Many corporate Web sites have suffered from illegal denial-of-service (DoS) attacks more than once. The companies that learn how to turn these experiences to their advantage go a long way to ensuring it doesn't happen again. Sometimes there's nothing like adversity to give you a new look at your surroundings. And the events of a network attack can uncover some very important mistakes and provide you with more than a few lessons. Turning these lessons into best practices is where the rewards of such adversity are realized. You can arrive at these best practices by asking yourself: "How are we vulnerable?" The following best practices are a sample of some of the common conclusions companies have come to following a DoS attack.

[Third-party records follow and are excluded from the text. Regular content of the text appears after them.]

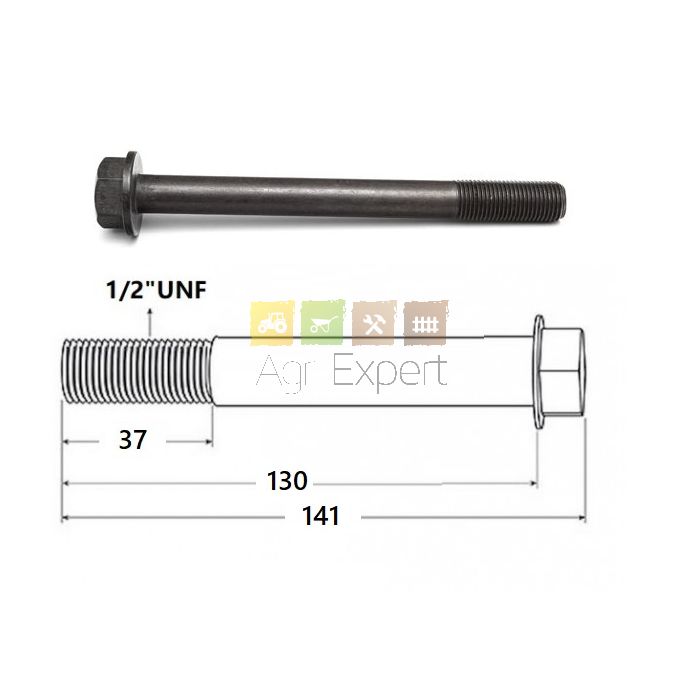Vis de culasse 1/2UNF X 130 moteur Perkins 1004-40T, 1006-60T, 1004-40TW, 1006-60TW, 1006-6TW, 1004-4, 1004-4T, 1006-6T, 1006-60TA, T4.236, 4.41, 1004-40, 1006-60, 1004-40S, 1106C-E60TA, tracteur Massey-Fergsuon, Landini, McCormick, Hitachi, JCB
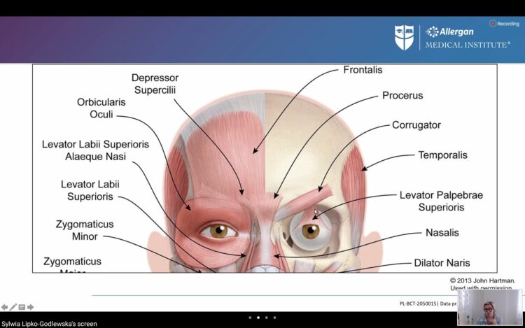 Dr Sylwia Lipko-Godlewska, trener AMI, 23 kwietnia poprowadziła szkolenie: „BOTOX® (toksyna botulinowa typu A) w leczeniu górnej części twarzy”. I kolejny raz, mimo że wykonuję iniekcje od dawna, praktykuję prawie codziennie (praktykowałam 😉 bo teraz wszystko na głowie jest postawione przez COVID ) – znowu miałam ochotę krzyknąć: „ Eureka! – tak nie robiłam, to zmienię, teraz rozumiem lepiej!”
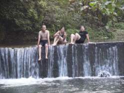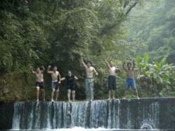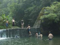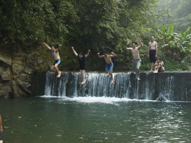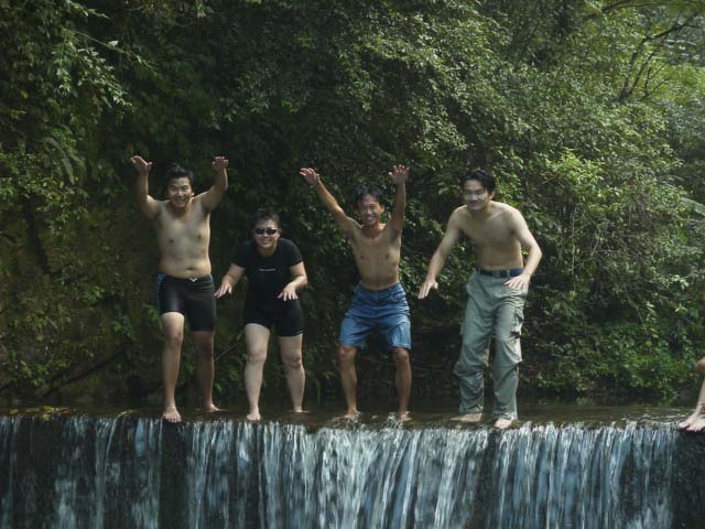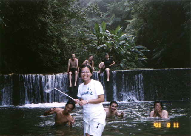 到達營地後,大家很快的下水,而且玩起跳水的遊戲,卻沒人紮營,彩蓮則拿蝦網抓魚。跳水的精采動作請看照片。
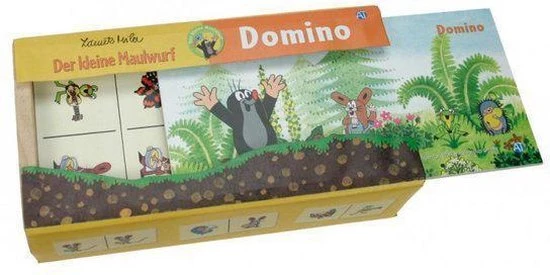 prachtig Domino-spel met houten plaatje met daarop Molletje en zijn vriendjes van de bekende Tsjechische tv-serie, in houten doos met schuifdeksel
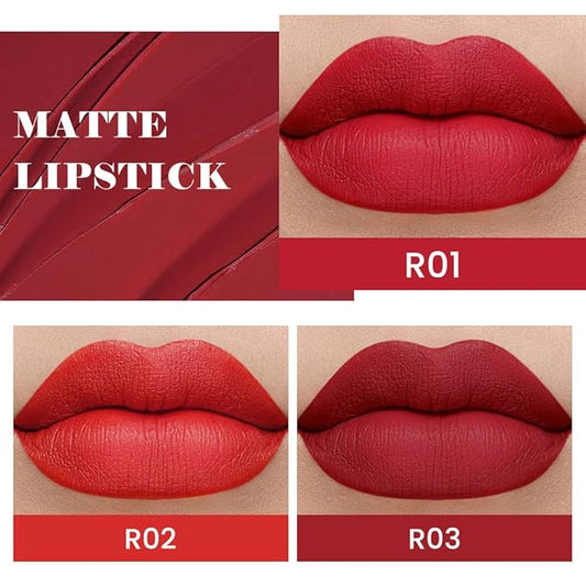 evpct 3Pcs Dark Light Bright Red Silky Velvet Matte Lipstick Pack Sets for Women,Ruby Red Long Lasting Smudge Proof Lip Stain Makeup Sets Kit 24 hours original

Practice 1: Keep an audit trail that describes what was changed and why.
Practice 2: Create interdepartmental Standard Operating Procedures (SOPs) and Emergency Operating Procedures (EOPs).
Practice 3: Understand that success can result in complacency.
Practice 4: Network monitoring isn't enough; your administrators must know your configuration in detail.
Practice 5: Test yourself both locally and over the Internet.
Practice 6: Your processes can harm you just like hackers.
Practice 7: Keep people aware of old configurations and their purpose.
Practice 8: When something is different, ask why.
Practice 9: Know the trade-offs between simplicity, cost and survivability.
Practice 10: Protect yourself against hackers.